Tuesday, January 12, 2016

November in History

Disclaimer: This article was written in November.

This Month in History
By Nicholas Isaacs
There are many historical events that have happened in November. On November 1st, 1950, 2 Puerto Rican Nationalists attempted to assassinate President Harry S.Truman. The assassination was a failure and one of the men were killed. On November 2nd, 1962, President John F. Kennedy announced that Russia was removing its nuclear missiles from Cuba, marking the end of the Cuban Missile Crisis. On November 3rd, 1957, the Soviet Union launched Sputnik 2, which contained a dog named Laika. It was the first ever animal in space.
On November 4th, 1922, Howard Carter discovered King Tut’s tomb in Luxor, Egypt. It remains one of the only royal tombs not touched by grave robbers. On November 7th, 1944, President Franklin D. Roosevelt was re-elected to a very unexpected 4th term as president. He remains the only president to have served 4 terms as president. On November 11th, 1918, an armistice was signed by the Allied and Central Powers of World War 1 to end all battles by 11 o’clock a.m. The fighting officially stopped in 1919, when both sides signed the Treaty of Versailles. On November 15th, 1864, General William T. Sherman and his troops burned the city of Atlanta, Georgia to the ground. This was during the General’s famous “march to the sea.”
On November 19th, 1863, President Abraham Lincoln delivered his famous “Gettysburg Address.” The speech was only 3 minutes long. On November 22nd, 1963, President John F. Kennedy’s term was stopped abruptly, when he was shot and killed in Dallas, Texas. He was the last president ever to get assassinated during his term in office. On November 28th, 1520, Portuguese explorer Ferdinand Magellan went through the now called “Strait of Magellan”, which is located at the southern tip of South America. He was the first to cross from the Atlantic to the Pacific Ocean.

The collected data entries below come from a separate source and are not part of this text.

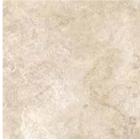
R31F Royale Cremino LUX rettificato 60x60
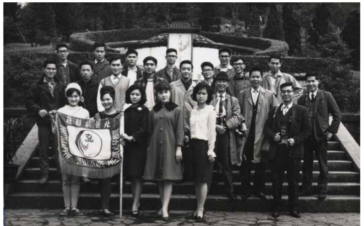
1960年代攝影社前往陽明山攝影活動

北醫人報一路走來，秉持的社訓：「明是非之辨，執春秋之筆」，是北醫人報從艱辛創社的成員到今天共同努力的全體社員們，都謹記著不變的精神。北醫的成長是有目共睹，人報因為關心校園時事，從學生的角度出發，所以將熱愛的那一種心情轉為文字，報導出來，甚而做成專題更深入去探討，無非是要培養每一個在校的學生能夠主動參與、關心周遭的事務，養成一個大學生獨立思考的人格特質。現在是個高倍速的時代，什麼都講求「另類」，而人報的「另類」風格也是遵循著「我思，故我在」的精神目標在前進，期盼以一個新聞記者公正、公平、客觀的角度去關心時事、國事、天下事。
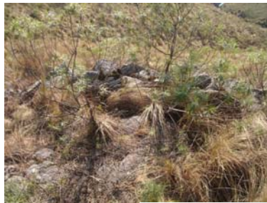
Detalle de un muro
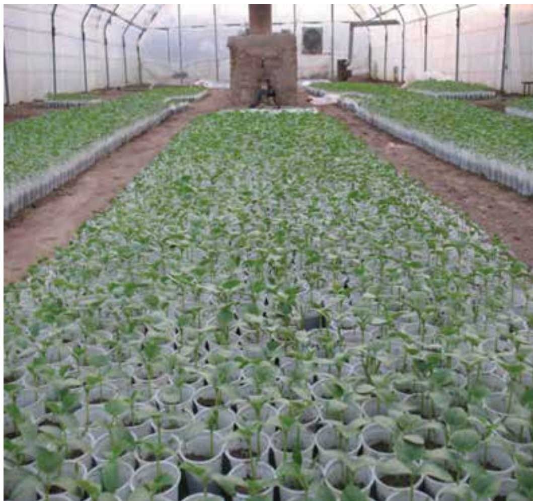
شکل ۲۳-۵- کشت گلخانه‌ای

محصولات عمده این بخش را گندم، جو، یونجه، ذرت علوفه‌ای، گوجه فرنگی، خیار، سبزی‌ها، سیب‌زمینی، نباتات علوفه‌ای، انگور، چغندر قند و پنبه تشکیل می‌دهد. از نواحی مهم آن می‌توان به دشت شهریار و ورامین اشاره کرد.
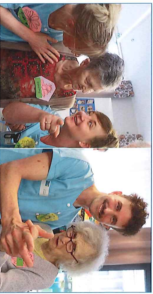
C'est la fête à la petite maison pour notre bal de printemps
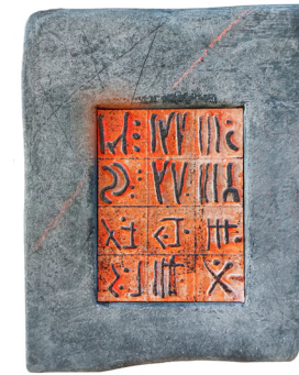
↑ Marie-Claire Meier, Code , pâte de coton et papier, 30x23 cm
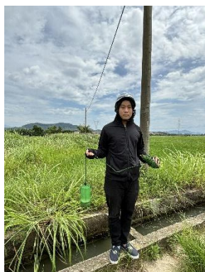
Hình 4. Trạm bơm Miếu Ông
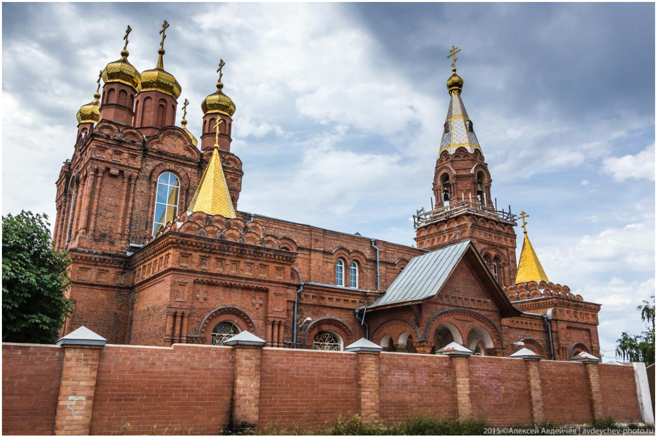
Храм во имя Архистратига Божия Михаила. Г. Самара.
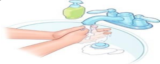
دست ها را بشویید.
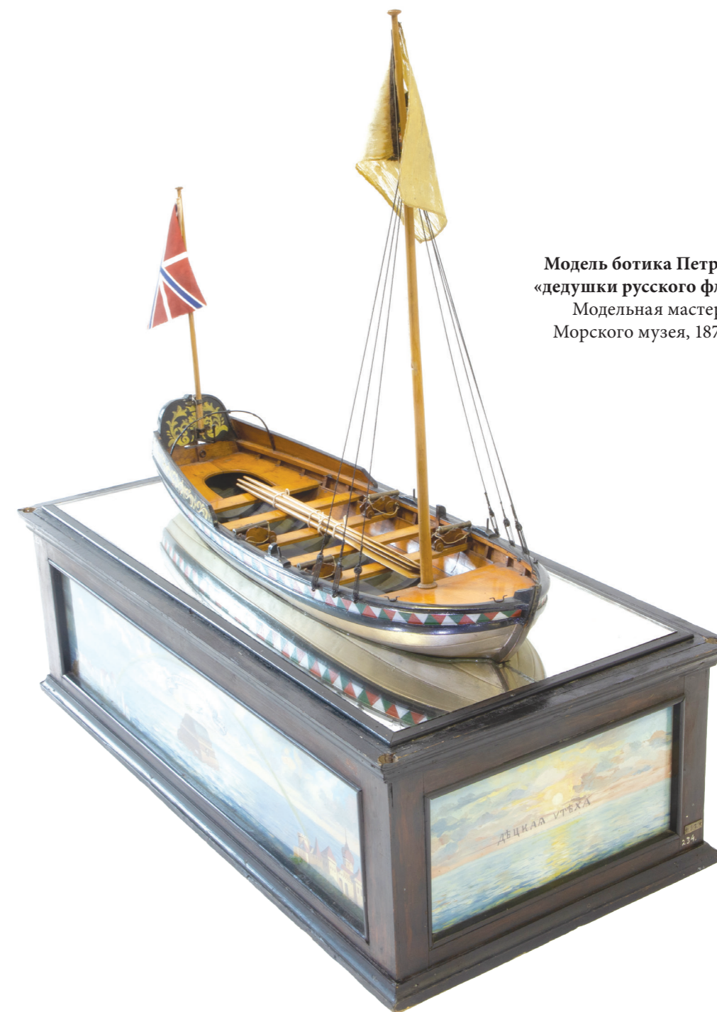
Модель ботика Петра I — «дедушки русского флота» Модельная мастерская Морского музея, 1872 год
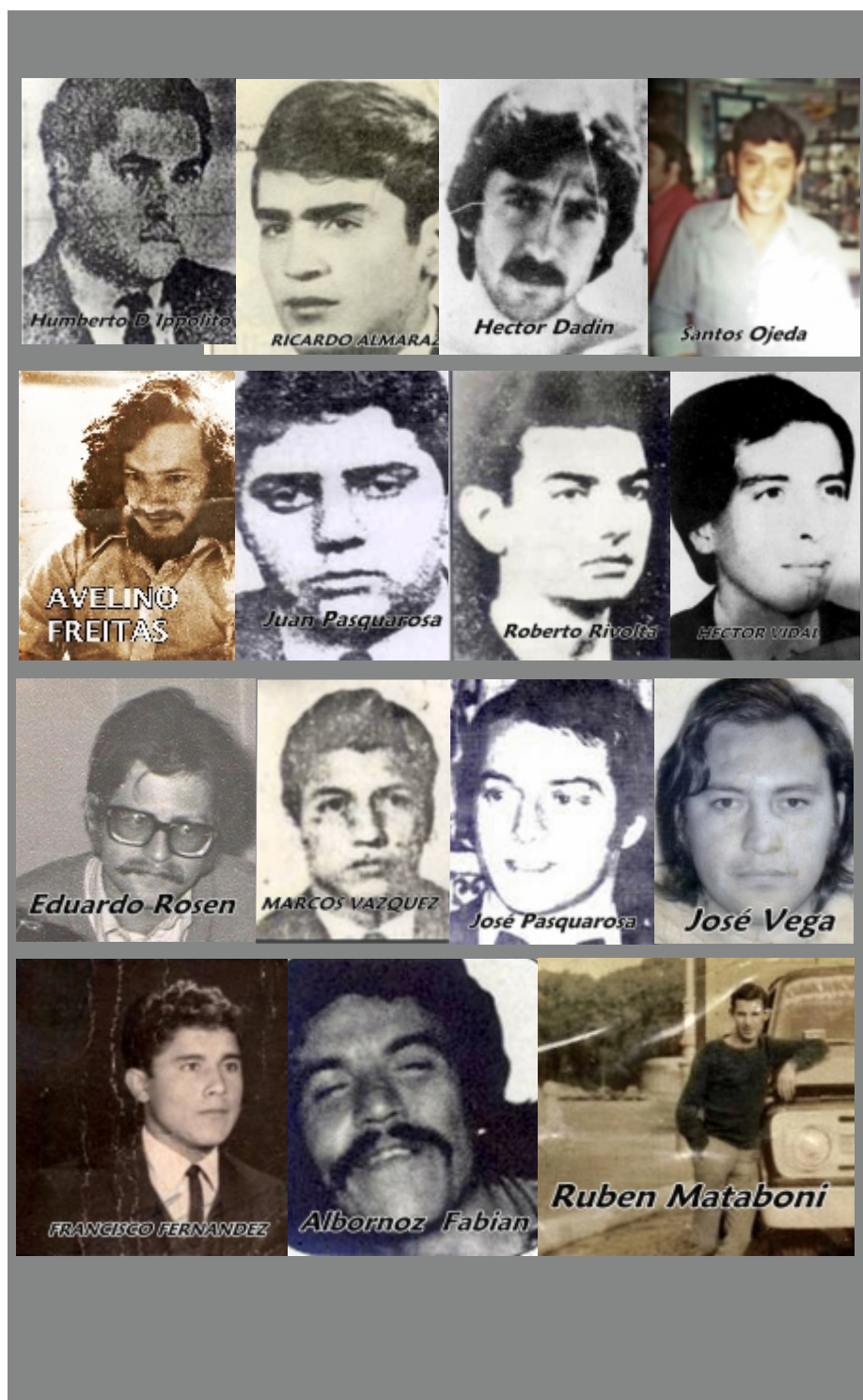
Fotos recuperadas de los compañeros desaparecidos

“Porque siempre está la ponderación de los mismos referentes en relación a la lucha de los derechos humanos, y dejan de lado a los compañeros de base. Y nosotros recuperamos eso también, la dimensión de su lucha. Porque yo me lamento porque perdí a mi viejo. Pero los obreros que sobrevivieron perdieron a todos los compañeros de la sección de laburo, perdieron a compañeros de militancia barrial, de la unidad básica, perdieron 15, 20 compañeros. Entonces eso es parte de nuestra lucha, reivindicar al compañero de base”.
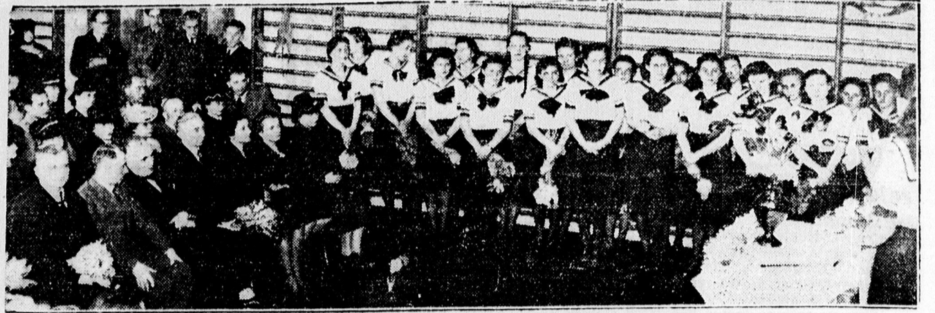
A REFORMÁTUS TANÍTÓ NŐKÉPZŐ VÉGZETT NÖVENDÉKEI NEK BÜCSÜÜNNEPELYÉRŐL.

FESTESSEN TISZTITTASSON Koncznál Péterfia u. 30. szám
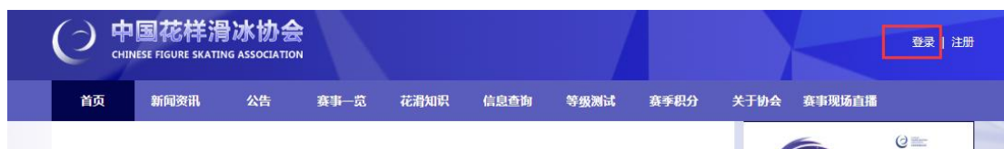
图1 点击“登录”（红框所示位置）
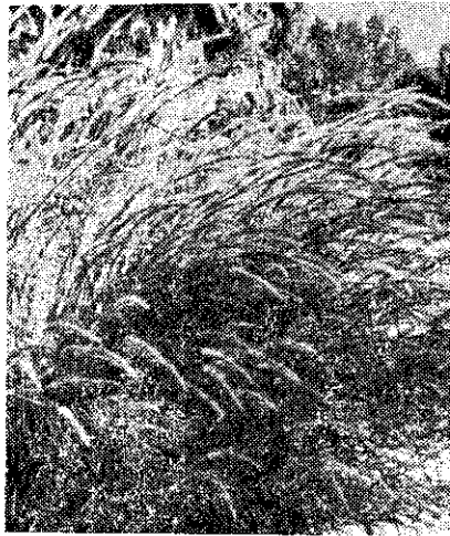
百福草的根狀生長

百福草的「有性」或「無性」的機能，如能徹底控制，在改良品種方面是很有價值的。我們可以在它的「有性」時代，利用雜交配種的方法，獲得優良特性，然後將這些特性固定在「無性」時代，就不會改變。(USIS Feature)
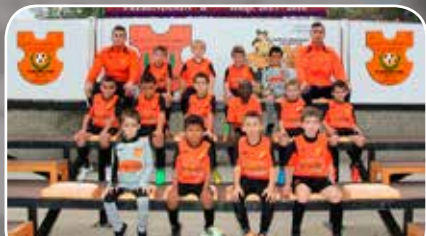
Sto. Domingo Juventud B
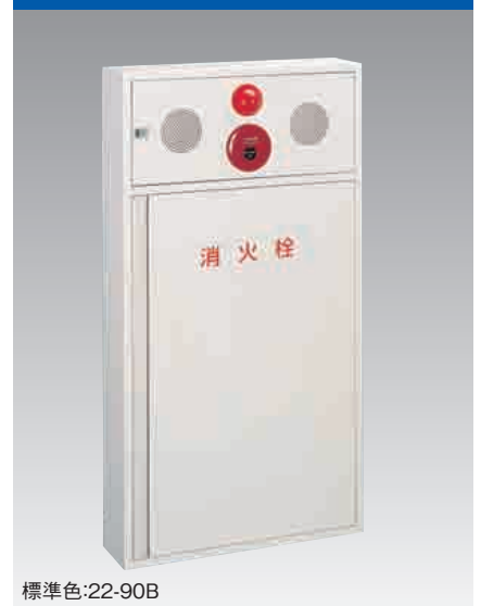
B677 公共建築設備標準型 Eタイプ
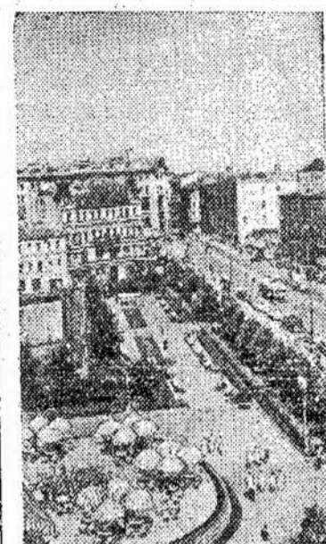
Admiroliteto fasada Leningrade. Mūsų delegacija, kada lankysis Leningrade, greičiausiai atsilankys ir čia.
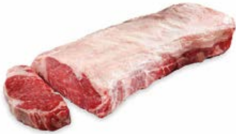
USA striploin grain fed ± 5,5kg | 50.000.29
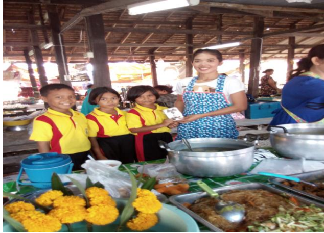
นำพวงกุญแจดอกไม้ไปไม้แห้งค่านิยม ๑๒ ประการ ไปแจกจ่ายที่ตลาดเพื่อเผยแพร่ค่านิยม ๑๒ ประการ
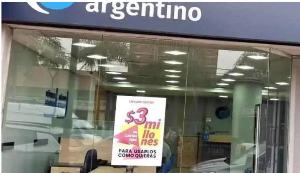
Credito argentino mas recientes
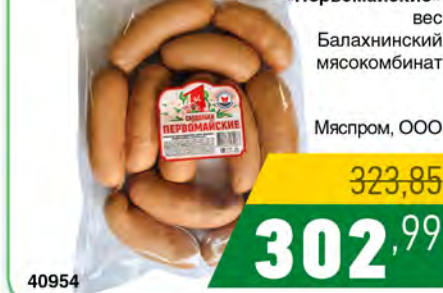
Сардельки «Первомайские» вес Балахнинский мясокомбинат
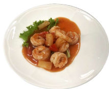
197 GAMBERETTI IN SALSA AGRODOLCE
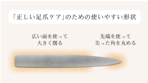
やすりの形状のポイント

硬く厚くなりがちな足爪のために仕上げられた新発想のやすり目と細部まで自在に行き届く形状、従来の「伸びたら短く切る」というなんとなくの慣習を「正しい形でトラブルを防ぐ」足爪のセルフケアへと進化させました。
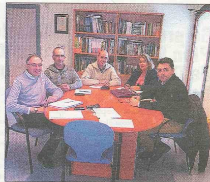
Momento de la reunión en la sede del CIMA

La reunión, en la que participaron también personal técnico del CIMA y de la propia MMS, sirvió tanto para definir las actividades que se desarrollarán con la financiación de dicha subvención, como para establecer la forma en la que se realizará la coordinación con la asistencia técnica que prestará apoyo a la Secretaría Técnica de la Red Local de Sostenibilidad de Cantabria (RLSC).
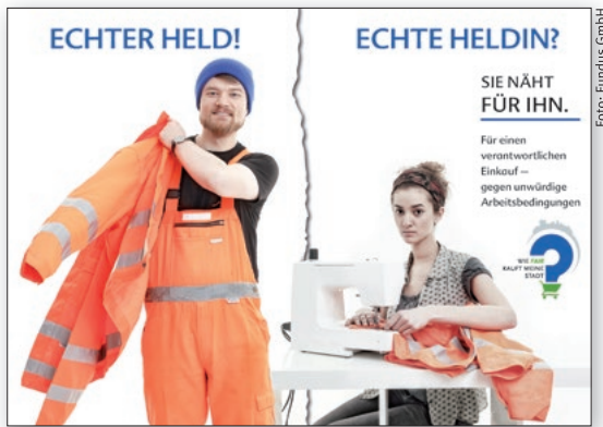
Diese Protestpostkarte, weitere Karten und Materialien aus dem Projekt „Wie fair kauft meine Stadt?“ können bei der Christlichen Initiative Romero bestellt werden.

Als Hauptgrund dafür sehen sie die fehlende Kontrolle. Dies erschwert im Übrigen auch die Arbeit der Beschaffungsstellen: Fehlende Überprüfbarkeit und Überforderung bei der Einholung der notwendigen Erklärungen wurden mit 90 und 94 Prozent als Hauptursachen für die schwierige Umsetzung des TVgG genannt.
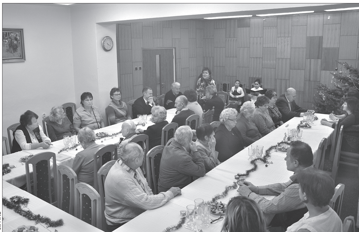
Wigilijka upłynęła w rodzinnej atmosferze.

Z referatu sprawozdawczego wynika, że koło liczy 75 członków, a aktywnie działają chór mieszany oraz zespół kobiet. Do udanych imprez w roku ubiegłym należały Bal Retro, wycieczka do Chlebowic, Sztramberka i Bolacic, świetlica wiosenna z prelekcją i zabawami dla dzieci. Dolnolutyńskie MK PZKO współpracuje z sąsiednimi Kołami w Rychwałdzie, Wierzniowicach i Orłowej-Porębie, członkowie biorą udział w imprezach zaprzyjaźnionych kół. Chórzyści zaliczyli 16 występów, m.in. w kościele w Lutyni Dolnej, Rychwałdzie,
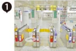
南改札から地下街をまっすぐ
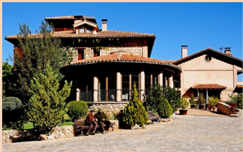
Das Hotel Coto del Valle in Cazorla. Eine perfekte Unterkunft für Jäger und Familie

Weitere Informationen: Antonio und Mercedes Teruel, Iberhunting, Tel. 0034/664283512, E-Mail: iberhunting@iberhunting.com , Homepage: www.iberhunting.com . JE
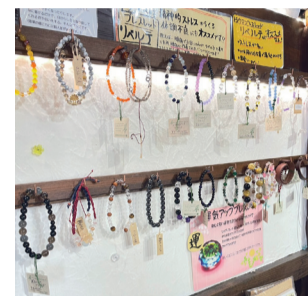
店長が一つ一つ丁寧に作成しています
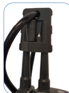
Schutzkappe mit Aufnahmefach für Metallhülsen
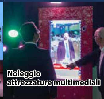
Noleggio attrezzature multimediali
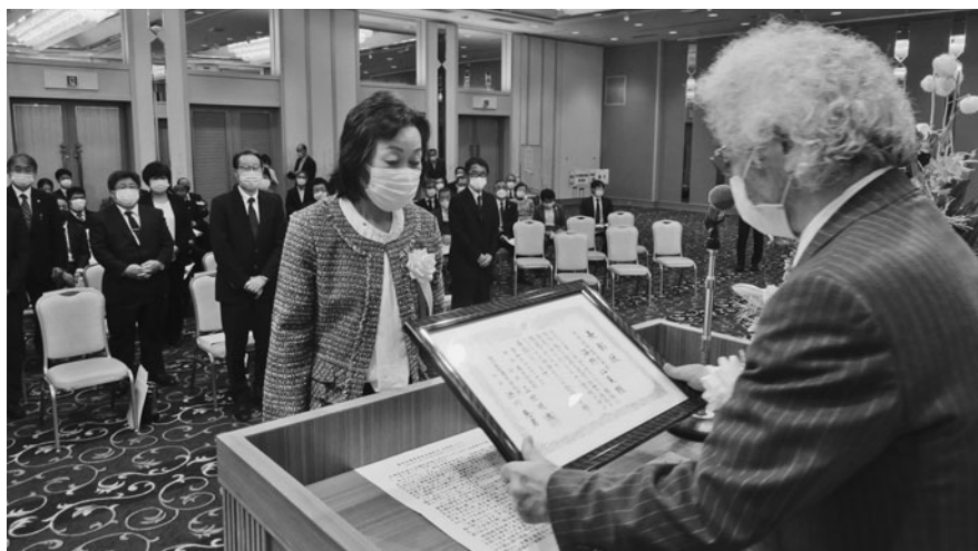
各表彰区分ごとの代表従業員へ表彰状を伝達

張りがあってこそであり、財は宝である。今後の経済再生には皆さんの力が必要であり、アフターコロナは会津の時代となるように共に頑張りましょう」と挨拶。
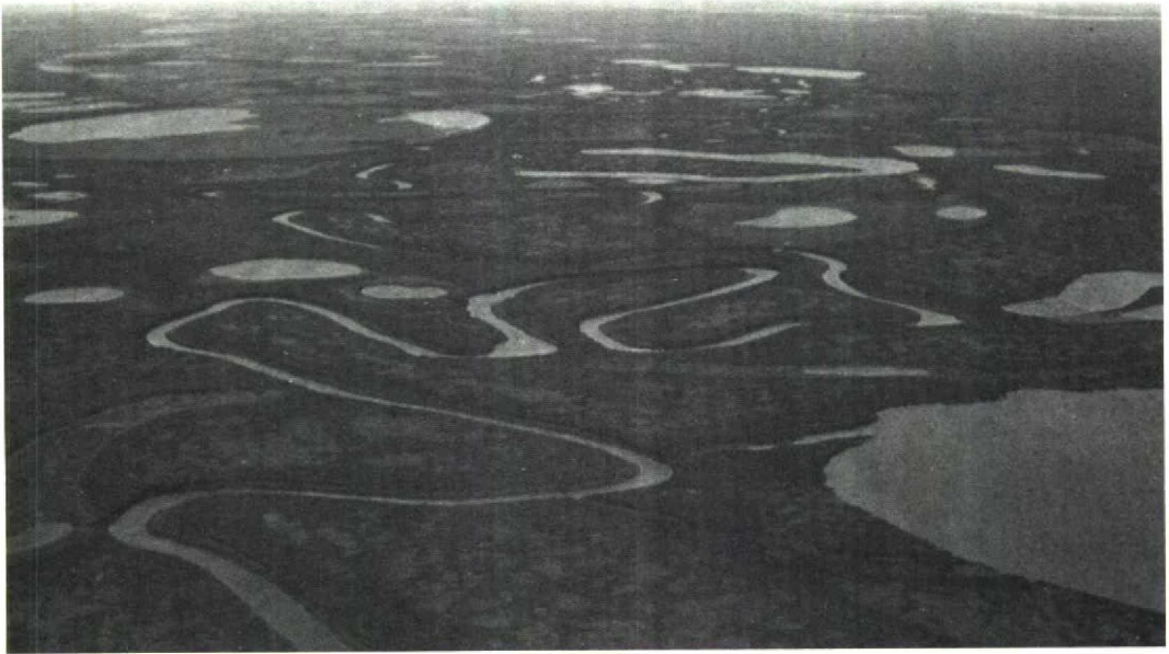
164 Aerial view of typical tundra landscape, Kolyma delta, Siberia, USSR, July 1990

lakes, both within and beyond the tree-line. Buturlin also learned of large numbers of breeding Ross's Gulls at Malaya on the upper Alazeya river and on the tundra to the west as far as the Indigirka river. From this he concluded that the main breeding grounds of Ross's Gull comprised the whole of the northern Kolyma plain.

Don’t think we forgot about the birthdays! Daniel Boone, one of America’s most famous frontiersmen, was born on November 2nd, 1734. Walter Cronkite, one of America’s most famous news broadcasters was born on November 4th, 1916. James Naismith, the inventor of basketball, was born on November 6th, 1861. We actually have three very famous people that were born on November 8th. Edmond Halley, the man who discovered Halley’s Comet, was born in 1656, Bram Stoker, the author of the famous novel “Dracula”, was born in 1847, and Margaret Mitchell, author of the famous book “Gone with the Wind”, was born in 1900. World War 2 general George S. Patton, the Major general of the army at the time, was born on November 11th, 1885. Robert Fulton, the creator of the first successful steamboat, was born on November 14th, 1765. Louis Daguerre, the inventor of photography, was born on November 18th, 1789. Robert F. Kennedy, U.S senator and brother of John F. Kennedy, was born on November 20th, 1925. Billy the Kid, one of America’s most notorious outlaws, was born on November 23rd, 1859. Zachary Taylor, our 12th president, was born on November 24th, 1784. John Harvard, founder of Harvard University, was born on November 26th, 1607. Two men who were born on November 30th are Samuel Clemens (Mark Twain), one of America’s most beloved authors born in 1835 and Winston Churchill, England’s most famous Prime Minister, born in 1874. I will see you soon in the next edition of “This Month in History.” Bye!